A diagnosis of progressive encephalomyelitis with rigidity and myoclonus (or another stiff person disorder) was made and treatment with induction intravenous immunoglobulin (IVIg) 2 g/kg was given. Her movement symptoms initially improved and she was transferred to rehabilitation, but approximately 1 month later, she relapsed with worsening myoclonus, painful spasms, and regression in rehabilitation progress. This prompted provision of further doses of maintenance IVIg and a more thorough search for an underlying malignancy. Tumour markers were normal. Her breast ultrasound showed a BI-RADS 4c lesion in the right breast, and core biopsy was negative for any neoplasm. Positron emission tomography scan revealed intense [¹⁸F]fluorodeoxyglucose uptake in a 17 × 11 mm portacaval lymph node (SUVmax 10.0) and no other hypermetabolic areas (Figure 1); endosonographic biopsy of the portacaval node unfortunately produced nondiagnostic results.

Figure 1

Figure 1. Positron emission tomography image showing isolated hypermetabolic portocaval node (depicted by arrow; SUVmax 10.0).

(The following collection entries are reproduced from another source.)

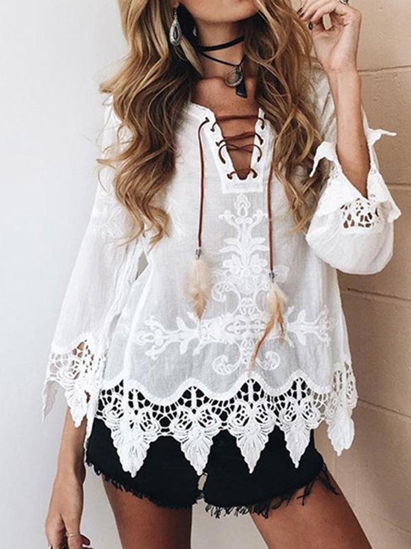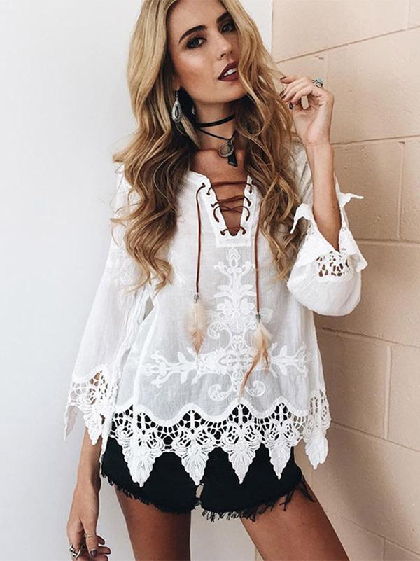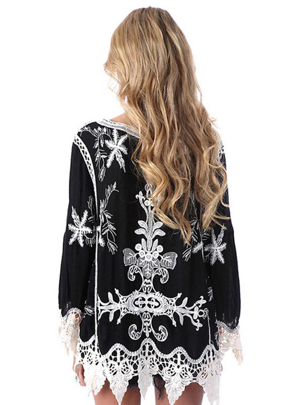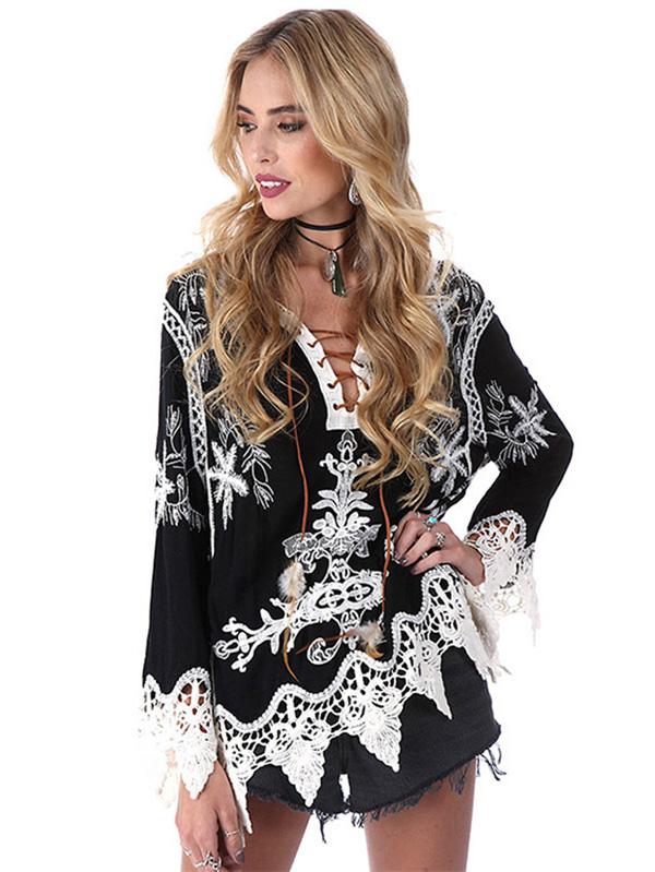 Long Sleeves Bohemia V-neck Floral Blouses&shirts Tops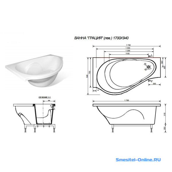 Ванна 170х94 Эстет Грация ФР-00000633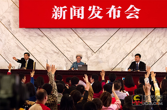 3月4日,十二屆全國人大四次會議在人民大會堂舉行新聞發(fā)布會,大會發(fā)言人傅瑩回答中外記者的提問。本次發(fā)布會共有18名中外記者提問,其中11位記者提問涉及法治話題,占提問總數(shù)的61%。民法典的編纂工作、慈善法、推進全面依法治國、全國人大審議境外非政府組織管理法草案、全國人大立法、反腐敗、《中華人民共和國反家庭暴力法》、稅收法、涉黃涉毒或者微博禁言的演員、政府依法行政、《大氣污染防治法》等。正義網(wǎng)記者程丁攝
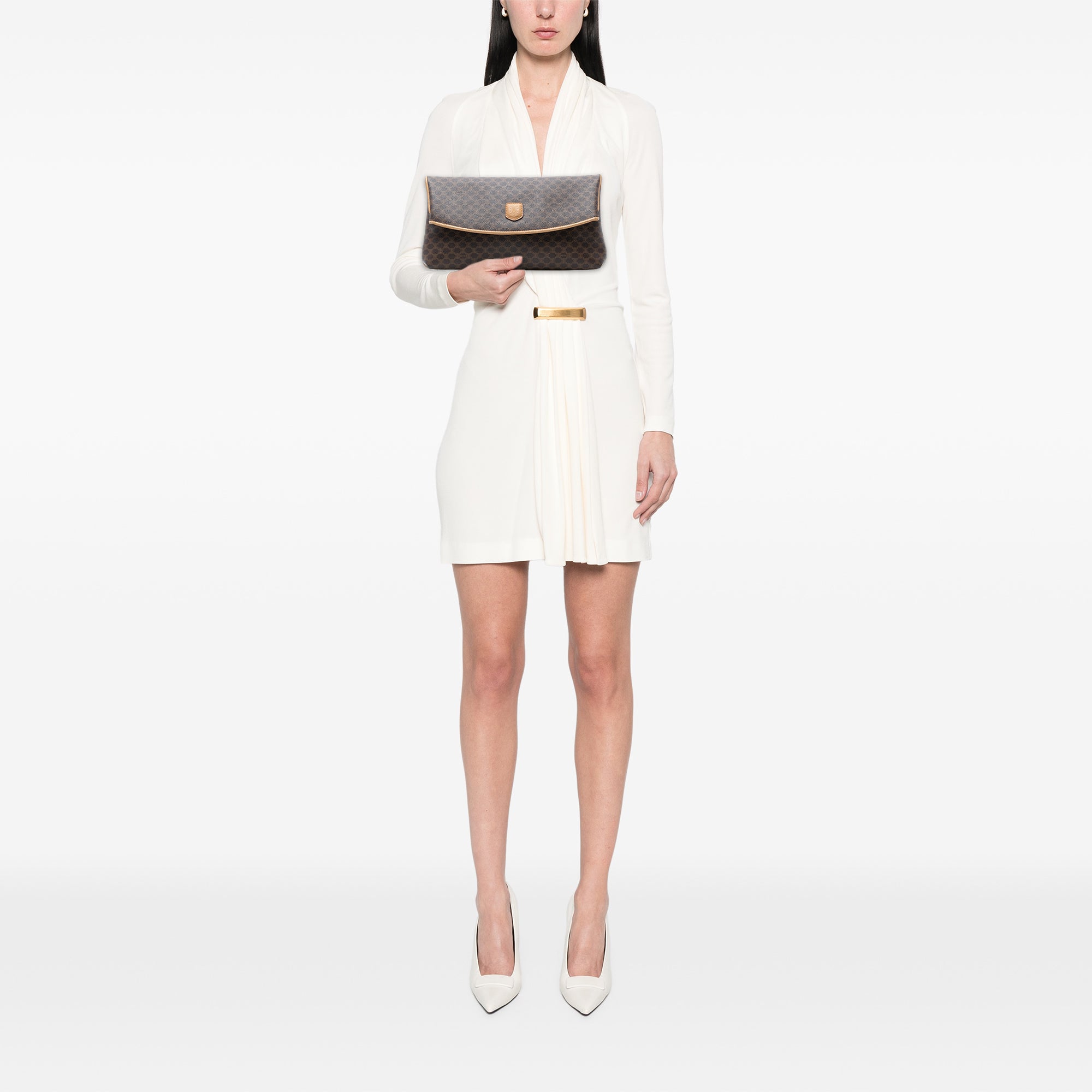 This clutch bag features a coated canvas body with leather trim, a fold-over top with magnetic snap closure, and an interior slip pocket. Retail Price: 500.00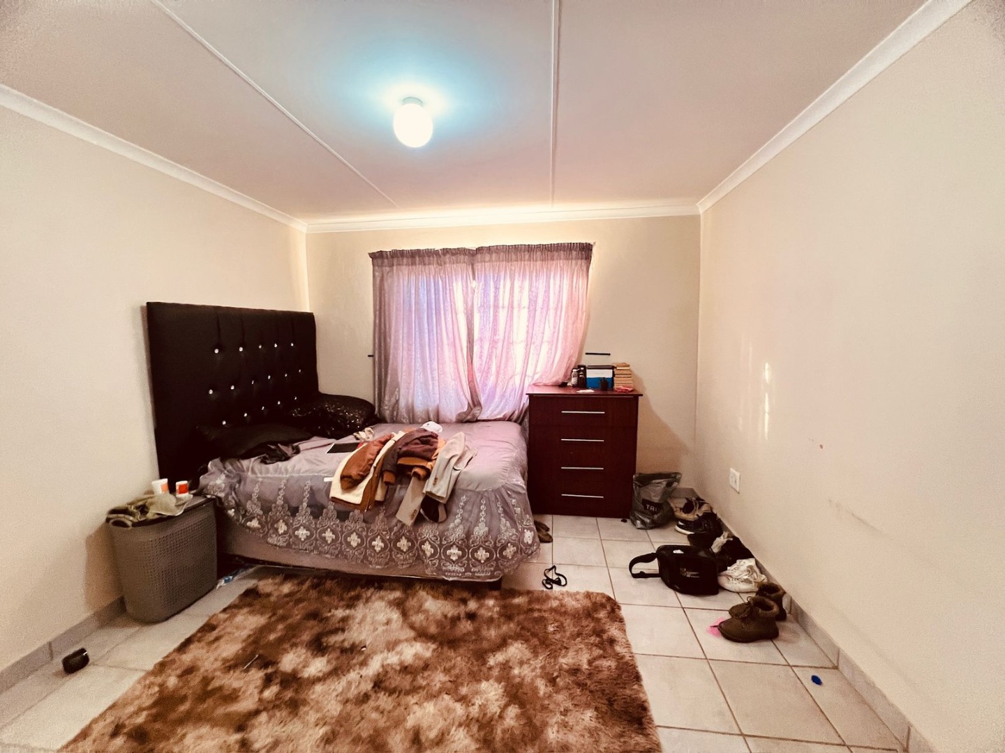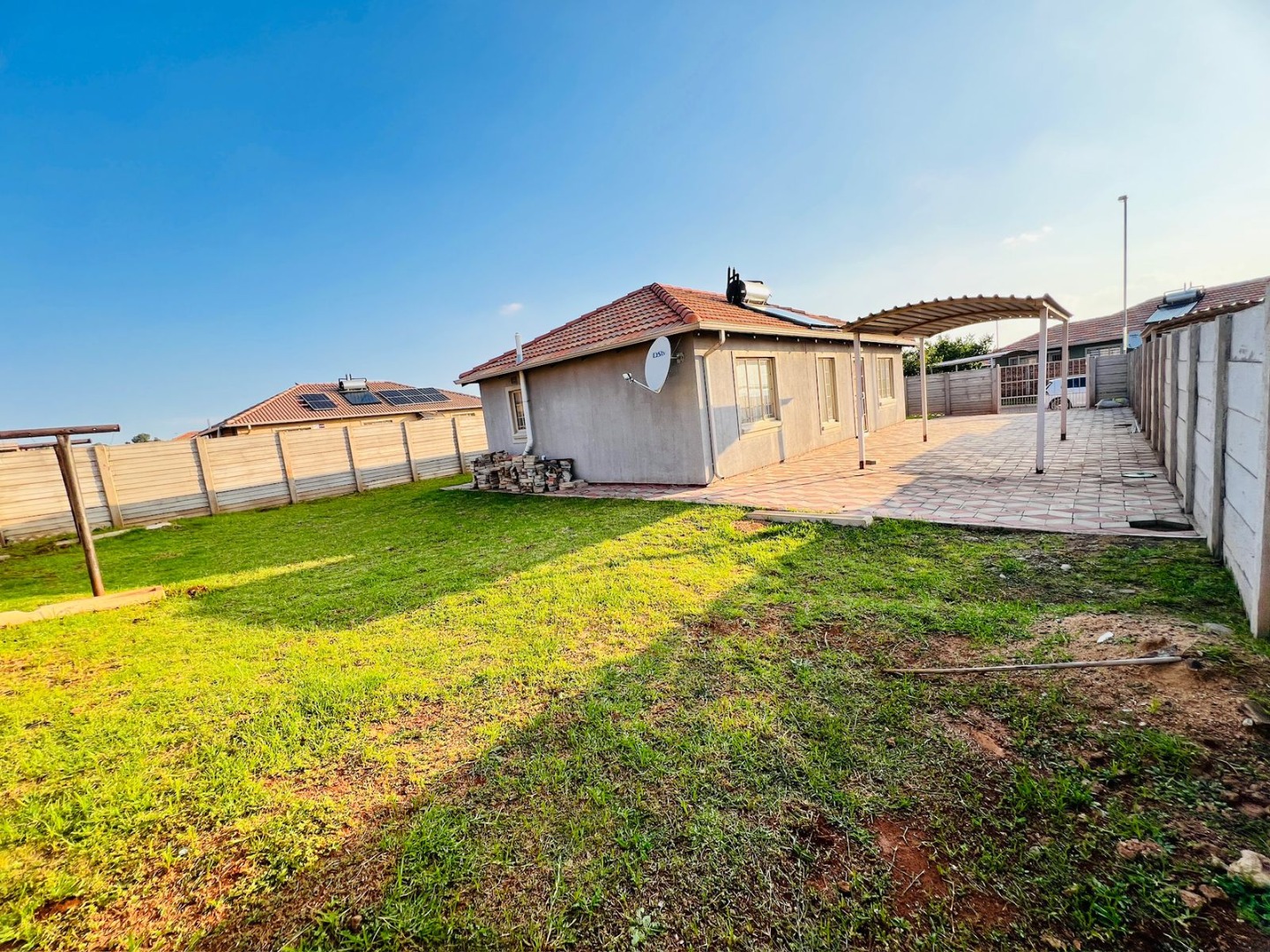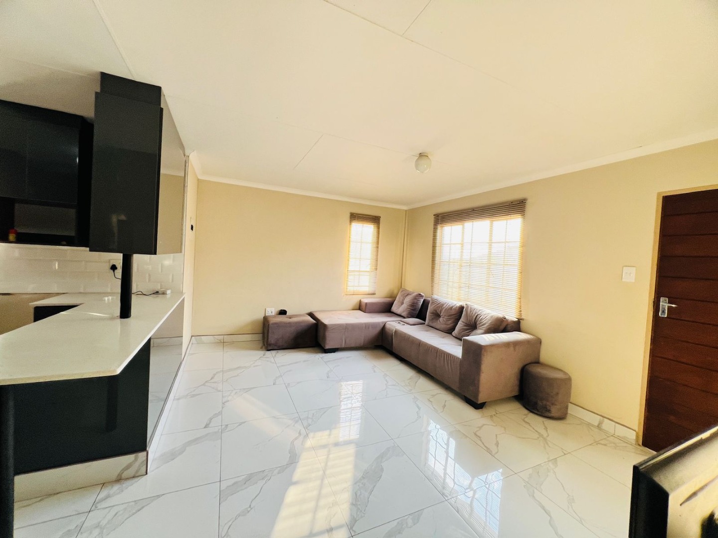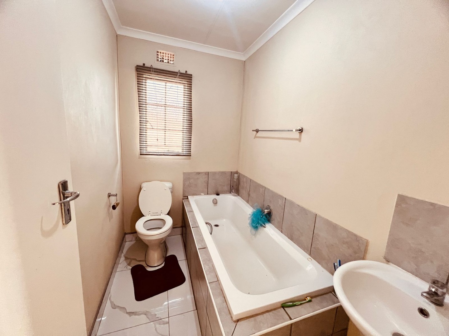 This inviting family home in Sky City, Alberton, offers a blend of modern living and practical features. The interior boasts an open-plan layout, seamlessly connecting the contemporary kitchen to the living and dining areas. The kitchen is a highlight, featuring sleek grey cabinetry, white subway tile backsplash, light countertops, and new large format tiled flooring, creating a fresh and functional space for daily life and entertaining. Neutral wall colours and good natural light enhance the overall ambiance. The residence comprises three well-proportioned bedrooms, each with durable tiled flooring and neutral walls, providing a versatile canvas for personal style. The two bathrooms are practical, featuring neutral tiling, a full bathtub, and a window for natural light and ventilation. A modern, light-colored tiled hallway connects the various living spaces, ensuring a cohesive flow throughout the home. Externally, the property is designed for low maintenance and security. It features an extensive, geometrically patterned paved yard, complemented by small, manicured lawn areas. A covered carport provides sheltered parking, in addition to the three garages. Security is paramount, with burglar bars on windows, a security gate, and high perimeter fencing ensuring peace of mind. The home also benefits from a solar water heater, contributing to energy efficiency. Located in the vibrant Sky City, Alberton, this property offers convenient living in a well-established South African community. Its kerb appeal is enhanced by a well-maintained exterior and a durable tiled roof. Key Features: * 3 Bedrooms, 2 Bathrooms * Modern Open-Plan Kitchen * Extensive Paved Yard * Covered Carport & 3 Garages * Solar Water Heater * Enhanced Security Features * Tiled Flooring Throughout * 350 sqm Erf Size

At the same time, her peripheral blood flow cytometry showed a monoclonal B-cell population (6% of lymphocytes, clone size 0.1×10⁹/L) expressing CD10, CD20, and lambda light chains, but negative for CD5 and CD19. Overall, 11.0% of cells fell within the lymphocyte gate, with T cells accounting for 83.1% of lymphocytes with a CD4:CD8 ratio of 5.9 and B cells accounting for 16.1% of lymphocytes. The immunophenotype of the abnormal clone is consistent with circulating lymphoma cells and diagnostic possibilities included small cleaved follicular lymphoma, diffuse large B-cell lymphoma of follicular centre origin, and Burkitt’s lymphoma. Bone marrow biopsy demonstrated hypocellular marrow with increased lymphocytes and small numbers of large abnormal lymphoid cells, mostly BCL2-positive; flow cytometry on the bone marrow specimen again showed a monoclonal B-cell population representing 22% of lymphocytes with the same expression profile as the serum monoclonal population. Cytogenetic studies showed the absence of IGH::BCL2 fusion. Karyotyping was normal (46,XX)[20]. EBV-encoded RNA-1 (EBER) in situ hybridisation showed no EBV-positive cells in the bone marrow; Epstein–Barr virus (EBV) DNA was detected in the serum, but at a level that was too low for quantification. Thus, it appears unlikely that the monoclonal B-cell lymphocytosis was driven by EBV. The patient’s regular methotrexate was ceased due to the concern of this being a methotrexate-associated lymphoproliferative disorder.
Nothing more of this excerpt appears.